Went to the Widow Support Group last week, I had a good experience. I seriously expected it to me Mandy and I and a bunch of grandma's (which would have been fine) but that was not the case. It is amazing to look in the eyes of a complete stranger and see such empathy and understanding-I hurt inside for someone besides myself, which is good I think. I walked away feeling very fortunate in so many ways. Yes, I am what they call a "widow", but my husband wanted to be here he just could not be. His death was not violent or misunderstood, it was actually a very peaceful and beautiful thing. Closing of one door and the opening of another. He loved me and my children and I know he is watching me make every mistake I can from the other side :)...but I am trying, and I am learning from my mistakes and trying to do better each day. I want to live my life in a way that I can be proud and have no regrets.
I am thinking about working with Hospice, they are such amazing people, and I feel like I have a lot to offer to someone who is going through the same things we did. I want to give back for all those who gave to us.

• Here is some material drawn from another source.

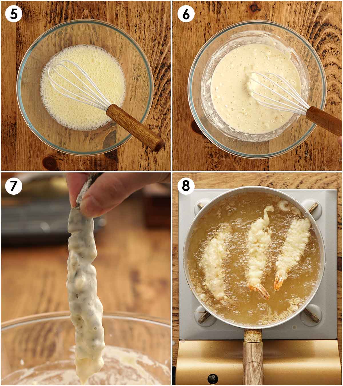 – Kỹ Thuật Khuấy Bột Sơ Sài – Không nên đánh bột quá kỹ. Việc để lại một vài cục bột nhỏ li ti trong hỗn hợp sẽ giúp tạo ra những “vảy giòn” (Tenkasu) bám quanh thực phẩm, làm tăng diện tích bề mặt và độ hấp dẫn cho món ăn.
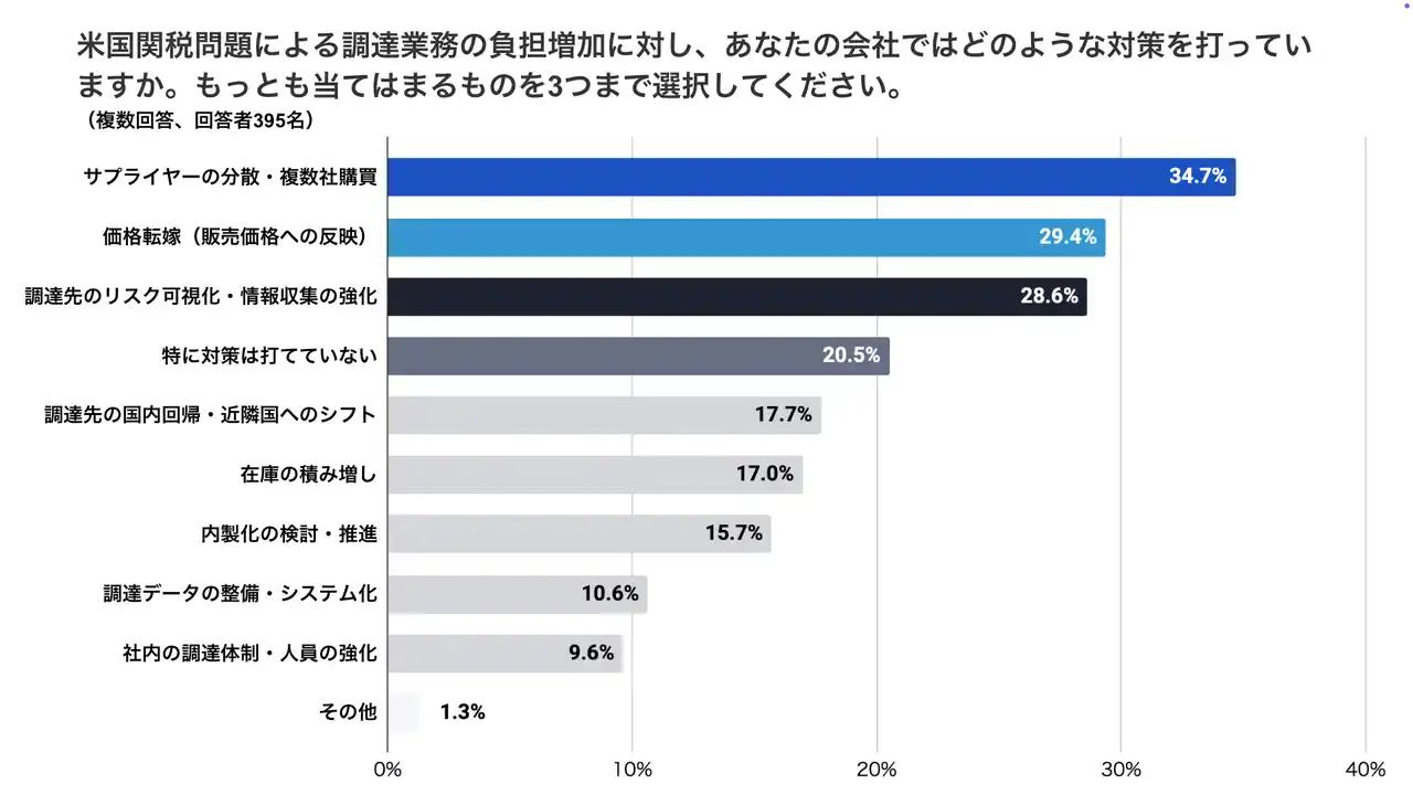・約8割の企業が何らかの対策を実施しており、最も多く選ばれたのは「サプライヤーの分散・複数社購買(34.7%)」次いで「価格転嫁(29.4%)」「調達先のリスク可視化・情報収集の強化(28.6%)」が続き、調達先の多元化とコスト対応を軸とした対策が主流となっています。 |

NOTE: Everyone talks of things that will be difficult i.e. Holidays, Anniversaries etc. but I thought that really wouldn't be much of a problem for me because Glenn has not been able to be a part of our celebrations for so long. The hard things have been times when I want him there beside me sharing our life, the good and the bad. Well I was really wrong, I went to Tai Pan and they were playing Christmas music and I took me about 5 min. to realize that was why I was nauseated, I was physically sick and I hadn't even thought about Christmas- it is CRAZY the emotional cues your body takes, I am so not in control of any of that at this point.